Procedural Win in Alabama Case Over Access to List of Registered Voters

An Alabama voter rights group sued the Secretary of State earlier this year to gain free access to a partial list of the registered voters. On June 2, U.S. District Court Judge Myron Thompson, a Carter appointee, ruled against the Secretary of State’s request to dismiss the lawsuit. Now there will be a trial.

The plaintiff is the Greater Birmingham Ministries. It wants the list of persons whose voter registration was purged. The state is willing to sell these records, but the plaintiff believes the federal Voting Rights Act guarantees them a free copy. Greater Birmingham Ministries v Merrill, m.d., 2:22cv-205.

This case had originally been filed in the northern district, but on April 13, the judge in that district ruled that it must be filed in the middle district, which contains the state capital, Montgomery. The case was then re-filed in Montgomery.
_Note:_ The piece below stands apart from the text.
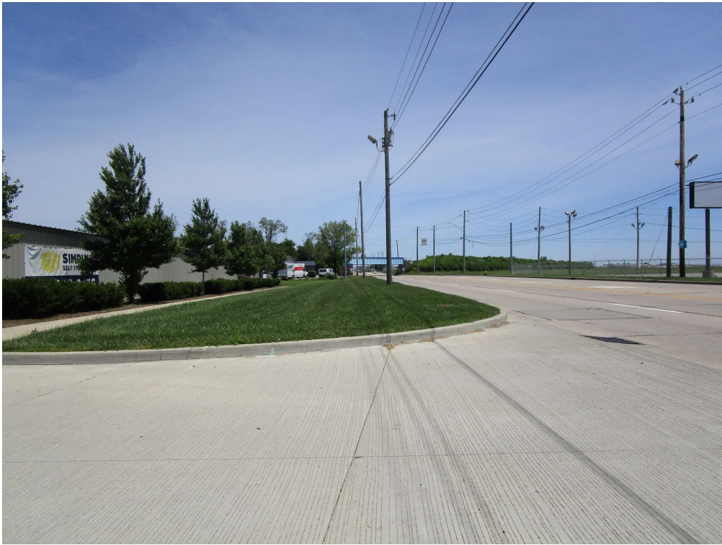
View looking east along West Washington Street

Nevada Supreme Court Hears Oral Argument on Top-Five Initiative

On June 8, the Nevada Supreme Court heard Helton v Nevada Voters First, 84110. This is a lawsuit filed by opponents of the top-five initiative. The opponents charge that the top-five initiative violates the single subject rule, because it includes both an abolition of the ability of parties to have nominees, as well as ranked choice voting. See this story, which describes the oral argument. Thanks to Fairvote for the link.

John Myers, Sacramento Bureau Chief for Los Angeles Times, Analyzes California’s Top-Two System

John Myers, Los Angeles Times Bureau Chief in Sacramento, has this analysis of California’s top-two system. There is one riveting piece of news in the article that I had missed. For the fourth time, it appears likely that the majority party in a California race has been disenfranchised. In the Fourth State Senate district, a strongly Republican district, six Republicans and two Democrats ran in the June 7, 2022 primary. The two Democrats appear to have placed first and second, leaving no Republican on the November 2022 ballot. The law bans write-in votes in general elections for congress and partisan state office, so there is nothing Republicans can do to win this seat in November.
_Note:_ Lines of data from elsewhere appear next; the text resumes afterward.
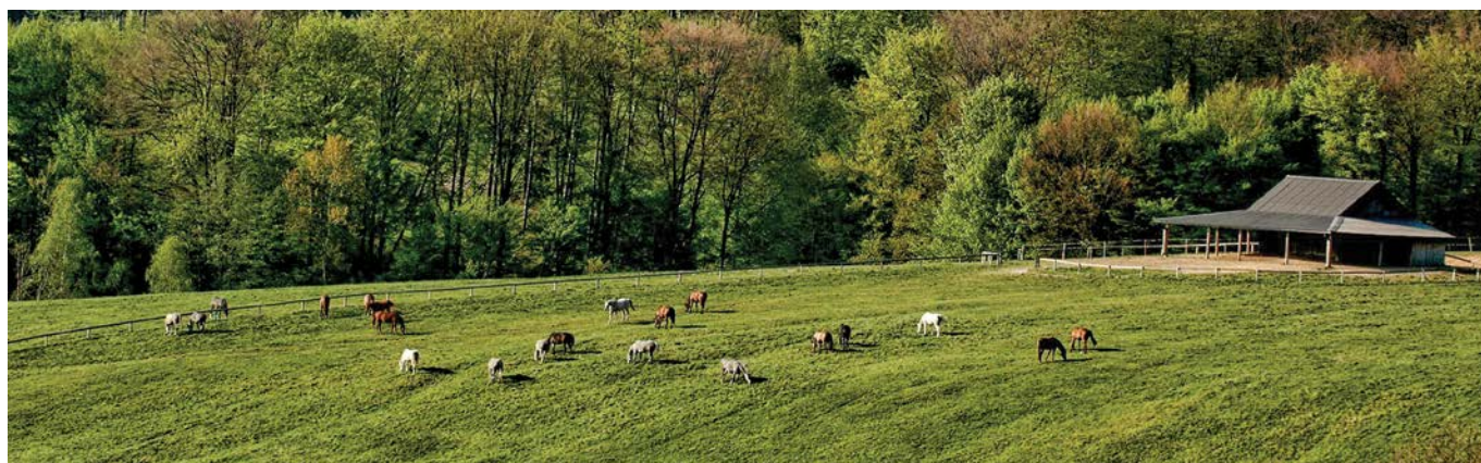
Tarnawka Stud
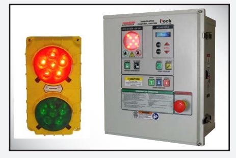
iDock® Controls includes light communication and can be integrated with other dock equipment.
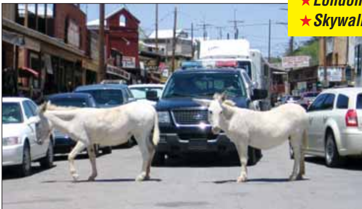
Burros roam the streets in Oatman, Arizona.

7 LAUGHLIN to MESQUITE: Thursday. Bid farewell to Laughlin. Make a brief stop in Las Vegas with time to experience THE STRIP and have lunch. Continue to Mesquite, Nevada, set in a tranquil valley that is framed by the picturesque Virgin Mountains.

The Fourth District has the fourth-highest Republican registration of all 40 State Senate districts, and its part of California has been represented in the State Senate by Republicans continuously for over fifty years. Here is a link to the election returns for this district. One of the Republican candidates in this week’s primary in this district is former Congressman George Radanovich, who served in Congress 1994-2010 and never came close to losing. He did not run for re-election in 2010.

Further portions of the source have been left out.